Den letzten Hoffnungsfunken auf eine weiterhin fleckenlose HCL-Weste, enzündete Visser mit ihrem 16:17-Anschlusstreffer in der 36. Minute. Unmittelbar danach allerdings tat sich ein großes und schwarzes Loch auf, in das der HC Leipzig – mit allem was er hatte – hineinstürzte. Zehn Minuten Schaltpause, mit einer Torbilanz von 1:7 Treffern, brachten einen uneinholbaren 17:24-Rückstand ein (46.). In einem ähnlichen Zeitfenster hatte der HCL zuletzt schon im Champions-League-Heimspiel gegen Sävehof (0:6 Tore in sechs Minuten) alle Chancen verspielt.
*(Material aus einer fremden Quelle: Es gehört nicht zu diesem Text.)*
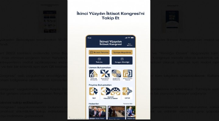 15-21 Mart 2023 tarihleri arasında İzmir Büyükşehir Belediyesi tarafından düzenlenecek ve “Yeniliğe Davet” sloganıyla tüm Türkiye’yi geleceği inşa etmeye çağıran İkinci Yüzyılın İktisat Kongresi’nin mobil uygulaması yayında. Kongreye misafir olarak katılmak ve programı izlemek isteyenlerin mobil aplikasyonu indirerek QR kod indirmesi gerekiyor. Kongreyi fiziksel olarak izlemek için mobil aplikasyonun indirilmiş ve her bir etkinlik için ayrı QR kodları oluşturulması zorunluluk.

Diese Führung ließ sich der Thüringer HC nicht mehr vom Brot nehmen. Bissig – zuweilen auch giftig – verteidigten sie mit Händen und Klauen den in Aussicht stehenden Sieg und den damit verbundenen Sprung an die Tabellenspitze. 24:28 hieß es am Ende.
“Es hat nicht dafür gereicht, uns 60 Minuten durchzusetzen, da war Thüringen besser.”, gestand Isa-Sophia Rösike ein. “Der THC ist in der zweiten Welle konsequenter durchgegangen, wir haben es da manchmal nicht geschafft, sie zu stoppen.” Die 19-Jährige hatte sich mit Szwed-Ørneborg am Kreis abgewechselt und kam auf dieser Position erstmals zu einem längeren Einsatz. “In so einer vollen Halle zu spielen, macht immer Gänsehaut, das war ein unbeschreibliches Gefühl.”, schwärmte sie von der prächtigen Atmosphäre in der Arena.
Ohne Luftholen geht es für Rösike und ihr HCL-Team weiter. Schon am Sonntag (Anwurf 18:00 Uhr) stehen sie in Schweden erneut dem IK Sävehof gegenüber. Ein Erfolgserlebnis wäre nicht nur für die Seele gut, sondern auch für das Ziel, den Sprung in die Champions-League-Hauptrunde doch noch zu schaffen.
HC Leipzig vs. Thüringer HC 24:28 (12:15)
1. Bundesliga, Frauen, 9. Spieltag
HC Leipzig: Herrmann, Plöger – Visser (5), Mazzucco, Augsburg (3), Bont (1), Kudlacz (3), Lang (4), Szwed-Ørneborg (5/1), S.Müller (3), Urbicht, Sturm, Rösike. Trainer: Thomas Ørneborg.
Thüringer HC: Krause, März – Frey (7/4), Gros, Smeets, Snelder (1), Luzumova (2), Engel, Blase, Mietzner (2), Jakubisova (6), Wohlbold (2), Barbosa (8). Trainer: Herbert Müller.
Schiedsrichter: Christoph Immel/ Ronald Klein, Siebenmeter: HCL 1/1 (Szwed-Ørneborg 1/1), THC 4/4 (Frey 4/4), Zwei-Minuten-Strafen: HCL 2x (Mazzucco, S.Müller), THC 2x (Snelder, Wohlbold), Zuschauer: 4.361 in der Arena Leipzig.